Buy Microsoft and short Enron.


----------



## Pargon (Nov 11, 2021)

Give up your career path, you aren’t right for it. Go into programming.

Get into therapy as soon as you can; feeling and thinking the way you do is neither normal nor healthy. It will only get worse if you don’t.

Never stop writing or reading.

You’re going to meet a person in college. You will want to date them. Don’t.

Don’t date the people you meet in high school, either. Don’t even start until you’re been in therapy for a few years.

Your impression of drugs is based on nothing and you’re ignorant. Loosen up.

Don’t sign up for Facebook. I don’t care how much everyone wants you to.

Video games are fun but don’t let them become a habit you do just because you have free time.

People in positions of authority are not only fallible but very possibly don’t deserve to be where they are. Their decisions are not absolute nor are they de facto correct.

You are extremely mentally ill. You allow people to take advantage of you as well as intentionally fuck yourself up and you don’t even fully realize it. You will not succeed at anything until you begin to reverse this.

Shit jobs are just that. You are inclined to put your entire effort into whatever bullshit you’re doing for money. There is a difference between a job and a career. Stop stressing yourself out over washing dishes and thawing bagels. Learn to tell a shitty boss to go fuck themselves.

Above all: everyone is suffering, everywhere, all the time. You’re not special, but you’re also not alone. You already know how to empathize and be humane. If you hold on to anything, hold on to that.


----------



## Freya (Nov 11, 2021)

don't start drinking


----------



## SalmaoneSlaamper (Nov 11, 2021)

Clean your room, delete discord, go to the gym, get a job


----------



## SunshineSuperman (Nov 12, 2021)

1. Listen to your dad, he knows what he's talking about.

2. Don't sperg out and do overly emotional things in the heat of the moment.

3. Pick up another instrument.

4. Be more assertive. Sometimes you need to be a bit of an asshole.

5. You end up liking this guy. Don't chase after him. He's a dangerous person. Spoiler, he and his friends wind up in jail.

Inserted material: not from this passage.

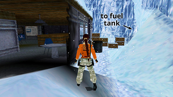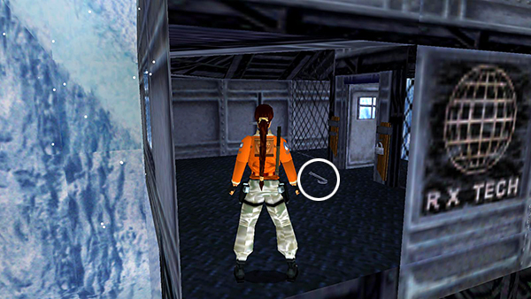 NOTE: If you're missing the key or the crowbar, you'll need to go back for them now. You probably left the crowbar in the TOWER WITH THE RX-TECH LOGO after Lara last used it. Monkey swing across the water and follow the tunnel back to the compound. The tower is just ahead on the left. Climb up into it and you should find the crowbar lying on the floor next to the door you pried open earlier. (screenshot) If you missed the key, from the TOWER area, go through the dark passageway to the FUEL TANK. Then follow the snowy tunnel on the right, cross the WOODEN BRIDGE ABOVE THE PIT, and continue to the KENNEL. Enter the building to find the key, as described above. Then return to the GATEHOUSE. The RX-TECH COMPOUND MAP may also help.

6. The only person you can control is yourself. Don't worry so much about other people. Just focus on bettering yourself.


----------



## SSj_Ness (Nov 12, 2021)

Future-based investment info aside, I'd be sure to advize myself to take care of my health and take opportunities as they come instead of being r_e_traded about it.


----------



## Stephen Hillenburg (Nov 12, 2021)

1 - go to therapy and get on some sort of medication asap. things don’t just get magically better as you get older, in fact you’ll find that less people care.

2 - try harder in college and don’t drop out. take programming courses and stick with them and don’t take out any loans just because someone tells you to. it’s going to fuck you over in the future when you’re broke and can’t afford to pay them back.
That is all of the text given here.